IDC Analyst: Huawei Could Overtake Apple This Year in Smartphone Market Share
Huawei has gone from strength to strength in the preceding few years. Although the manufacturer has minimal presence in the US smartphone market, the EMEA and Asian markets have proven to be receptive to Huawei smartphones. The manufacturer also owns an sub-brand, Honor, which sells phones solely online at lower prices. In India, Honor is one of the leading manufacturers in the affordable flagship space, along with OnePlus.
While there was a time when it seemed Huawei was struggling to find a foothold in the early years of Android, that time has passed. Since 2014 they have come on a long way, to the point where IDC data shows that Huawei sold 38.5 million smartphones in Q2 2017. This results in Huawei having captured 11.3% of worldwide smartphone market share, closely behind Apple which had 12% market share and sold 41 million smartphones in the same period.
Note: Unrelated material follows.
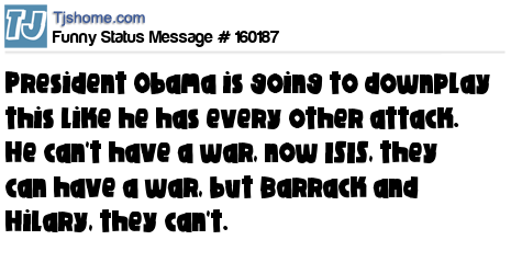 X says President Obama is going to downplay this like he has every other attack. He can't have a war, now ISIS, they can have a war, but Barrack and Hilary, they can't.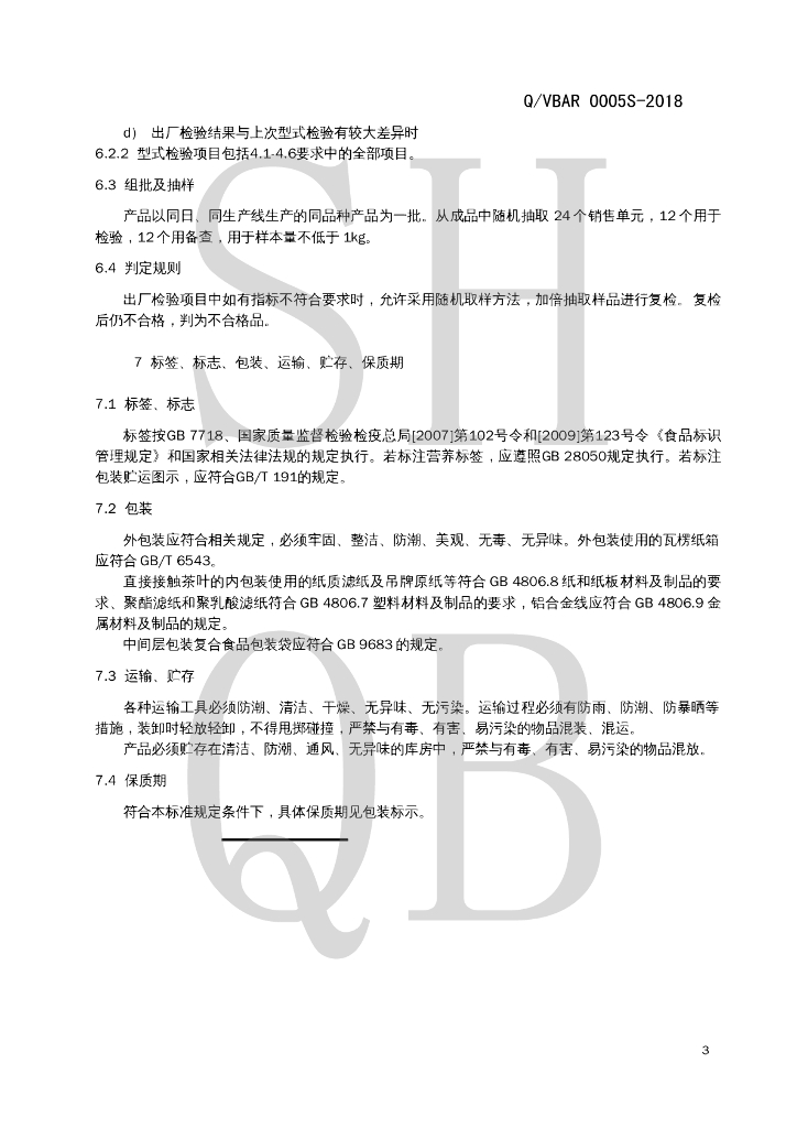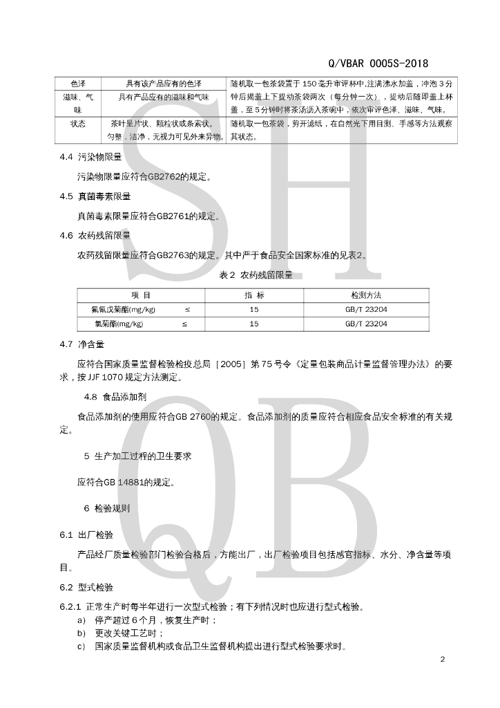 Q/VBAR 0005S-2018 袋泡茶

Now, it seems Apple is in danger of being demoted to third place. In a TV interview with CNBC last week, Francisco Jeronimo, research director for European mobile devices at IDC, said that Huawei could probably overtake Apple in smartphone market share. This event could happen either later this year or next year, according to the IDC research director.
He went on to say that this speed of growth was a huge worry for Samsung, because of Huawei’s intended goal to become number one in the smartphone market. Due to Huawei’s good performance in the unit sales of flagship smartphones, monetary value is increasing because of increasing flagship prices.
According to Mr. Jeronimo, one reason why Huawei can challenge Samsung and Apple is because of its focus on AI. The SoC in the newly announced Mate 10, the Kirin 970, has a dedicated NPU (Neural Processing Unit), which is the first of its kind in the Android world and is said to be twice as fast as compared to Apple’s Neural Engine in the A11 SoC. If new use cases which can benefit from having on-device AI are found, then Huawei is in an ideal position to benefit. The manufacturer already enjoys vertical integration of its processing components; developments in AI applications could lead to a long-term competitive edge in performance.
The speed of growth is actually higher than even what Huawei intended, as the manufacturer said in February 2016 that it intended to become the second largest smartphone manufacturer in terms of smartphone market share within three years, and aimed to be the largest smartphone manufacturer within five years.
The reasons for Huawei’s growth are well-known to smartphone enthusiasts. Huawei has, like Samsung and unlike Apple, launched smartphones within a wide range of prices, partially thanks to the use of the online Honor brand. The Mate series and the flagship P series are finding success in European as well as Chinese markets, while Honor flagships like the Honor 8 Pro are selling well in India.